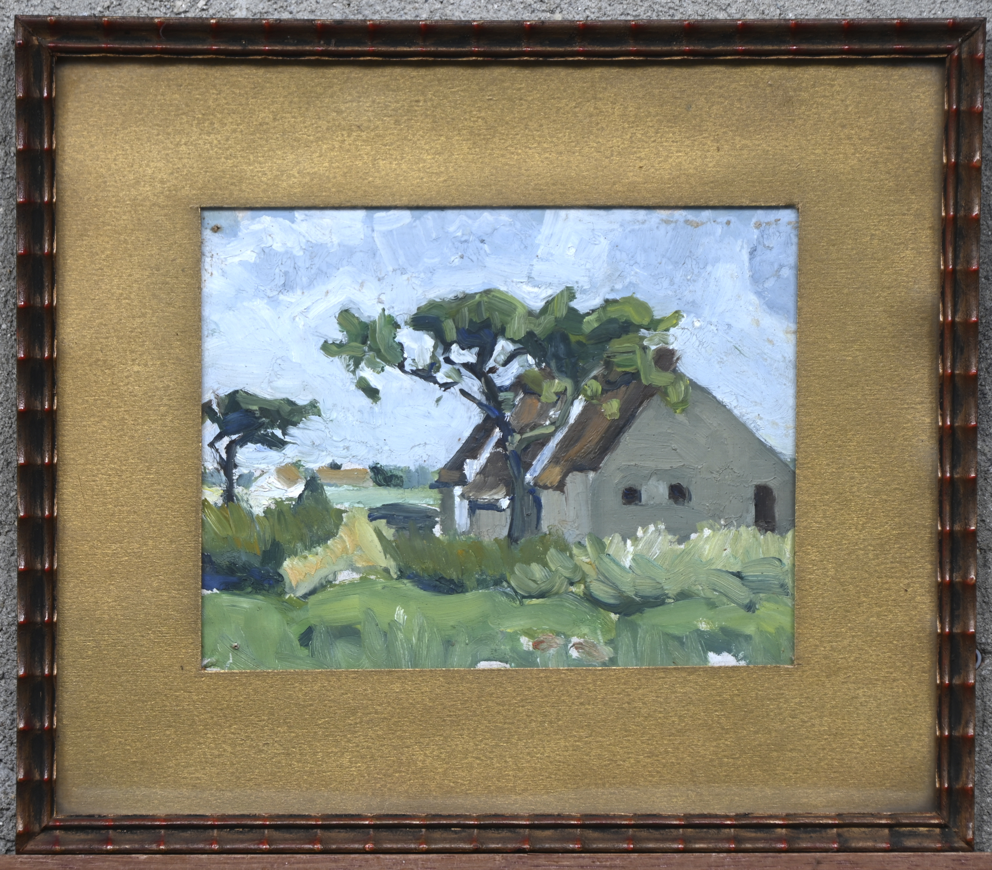 "Farm View", a painting, oil on board, not signed.
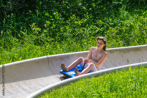 Junges Mädchen befährt eine Sommerrodelbahn mit einem Schlitten
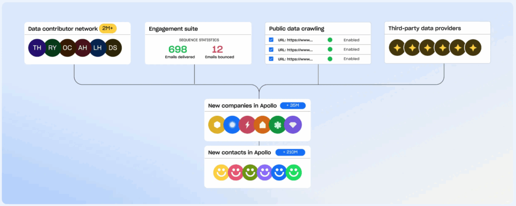 Apollo.io sources data from multiple places:
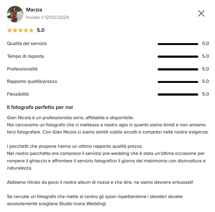 I nostri clienti condividono con il cuore le loro esperienze con me e lo staff. Le loro parole riflettono la dedizione e la cura che mettiamo in ogni matrimonio. Leggi gli estratti qui sotto o tutte le recensioni da matrimonio punto com:
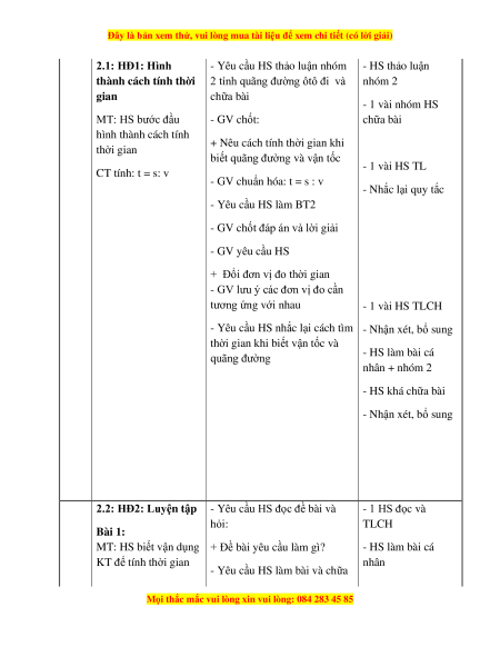 - Biết tính thời gian đi được của một chuyển động đều 2. Kĩ năng.
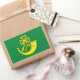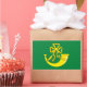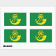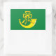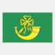 Sticker with design with a flag of historic county of Huntingdon, in England, Great Britain; green flag with a gold ribboned hunting horn
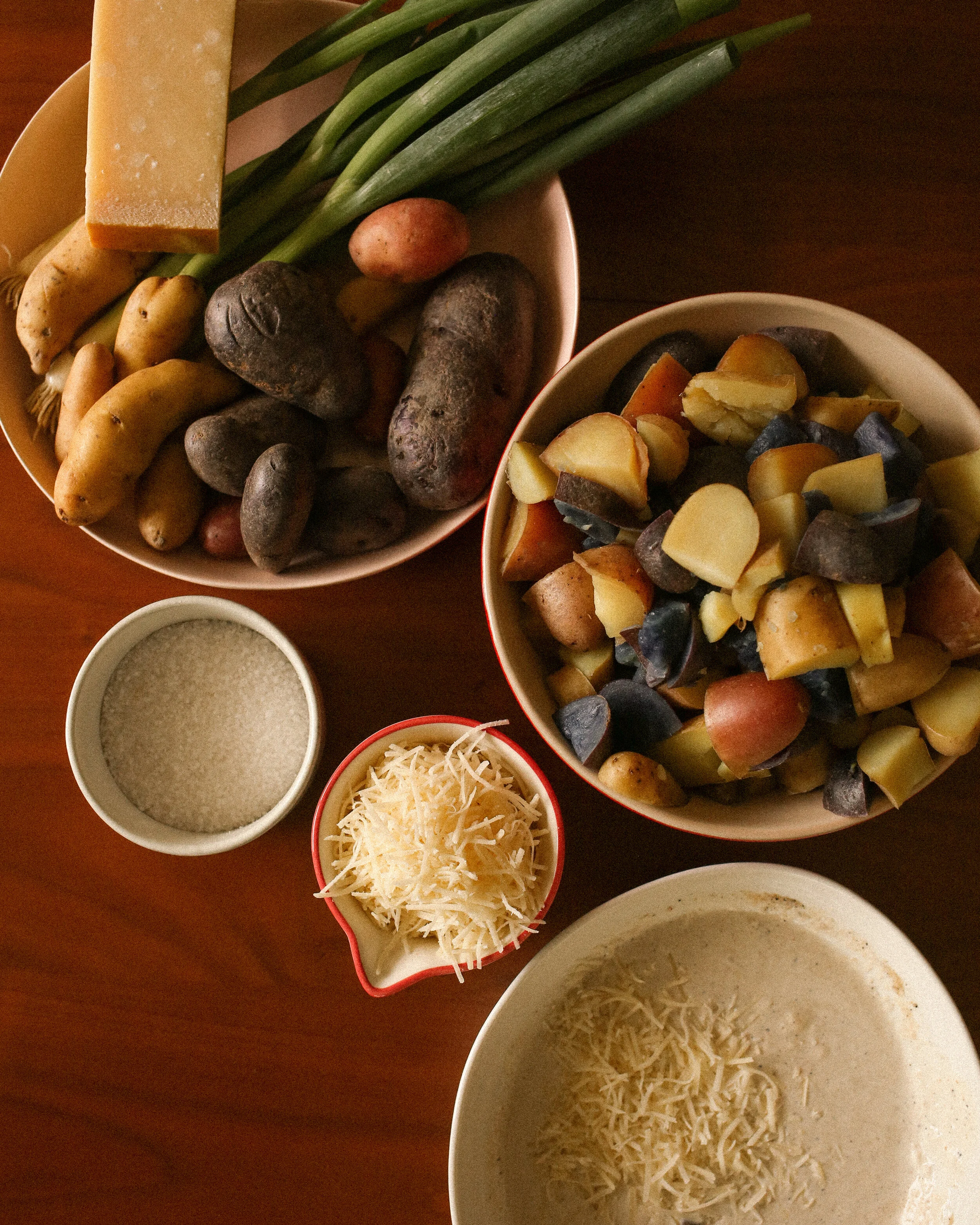 Make the dressing by whisking together the sour cream, mayo, horseradish, Parmesan, salt and pepper. Add the potatoes and green onions and gently toss to combine.

◇ ◇ ◇ ◇ ◇ ◇ ◇

WHAT NEEDS TO BE DONE: Omit the pictures, and please restate word for word the lines running from the line with "Apollo.io sources data" to the end of the entries.

RESPONSE BOX:
 Apollo.io sources data from multiple places:
 I nostri clienti condividono con il cuore le loro esperienze con me e lo staff. Le loro parole riflettono la dedizione e la cura che mettiamo in ogni matrimonio. Leggi gli estratti qui sotto o tutte le recensioni da matrimonio punto com:
 - Biết tính thời gian đi được của một chuyển động đều 2. Kĩ năng.
 Sticker with design with a flag of historic county of Huntingdon, in England, Great Britain; green flag with a gold ribboned hunting horn
 Make the dressing by whisking together the sour cream, mayo, horseradish, Parmesan, salt and pepper. Add the potatoes and green onions and gently toss to combine.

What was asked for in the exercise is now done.